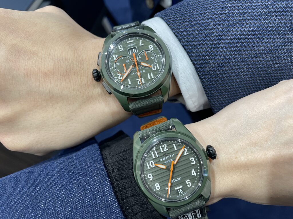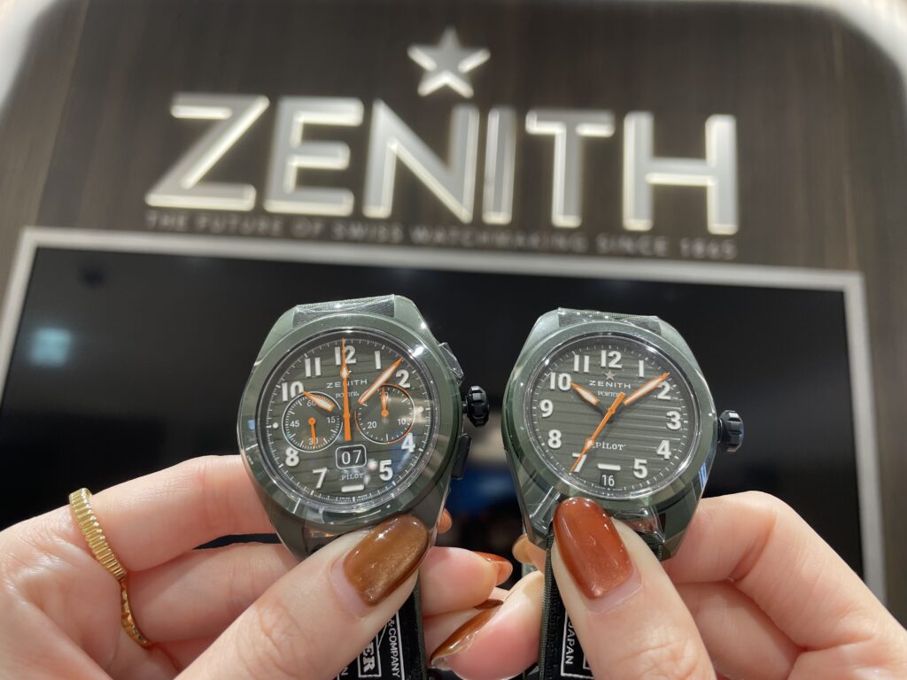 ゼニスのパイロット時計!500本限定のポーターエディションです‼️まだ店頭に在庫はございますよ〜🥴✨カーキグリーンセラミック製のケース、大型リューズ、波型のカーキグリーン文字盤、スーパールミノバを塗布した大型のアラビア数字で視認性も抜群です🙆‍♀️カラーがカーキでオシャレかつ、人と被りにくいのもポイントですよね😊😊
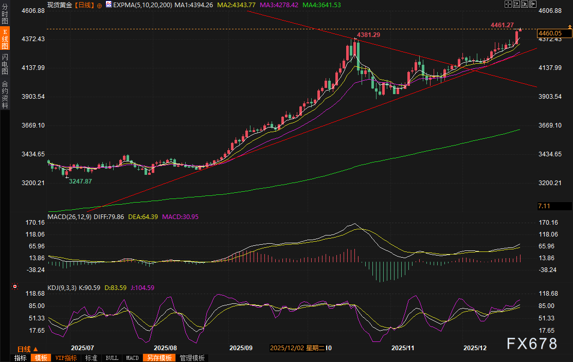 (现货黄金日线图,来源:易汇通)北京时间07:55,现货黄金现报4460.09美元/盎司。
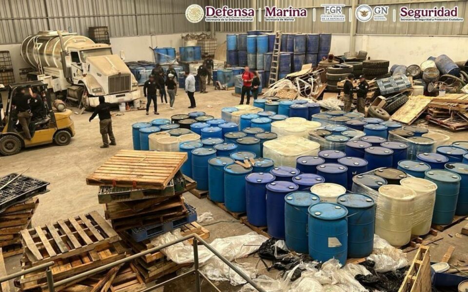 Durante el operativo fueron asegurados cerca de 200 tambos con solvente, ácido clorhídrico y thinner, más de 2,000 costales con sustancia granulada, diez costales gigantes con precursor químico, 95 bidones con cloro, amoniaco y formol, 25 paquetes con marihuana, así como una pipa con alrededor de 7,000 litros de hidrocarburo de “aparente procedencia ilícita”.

• [Aim of the exercise]
The answer should contain only the lines from the beginning of the material above through the line with "(现货黄金日线图,来源:易汇", retyped exactly, with the pictures removed.

• [Response box]
 ゼニスのパイロット時計!500本限定のポーターエディションです‼️まだ店頭に在庫はございますよ〜🥴✨カーキグリーンセラミック製のケース、大型リューズ、波型のカーキグリーン文字盤、スーパールミノバを塗布した大型のアラビア数字で視認性も抜群です🙆‍♀️カラーがカーキでオシャレかつ、人と被りにくいのもポイントですよね😊😊
 (现货黄金日线图,来源:易汇通)北京时间07:55,现货黄金现报4460.09美元/盎司。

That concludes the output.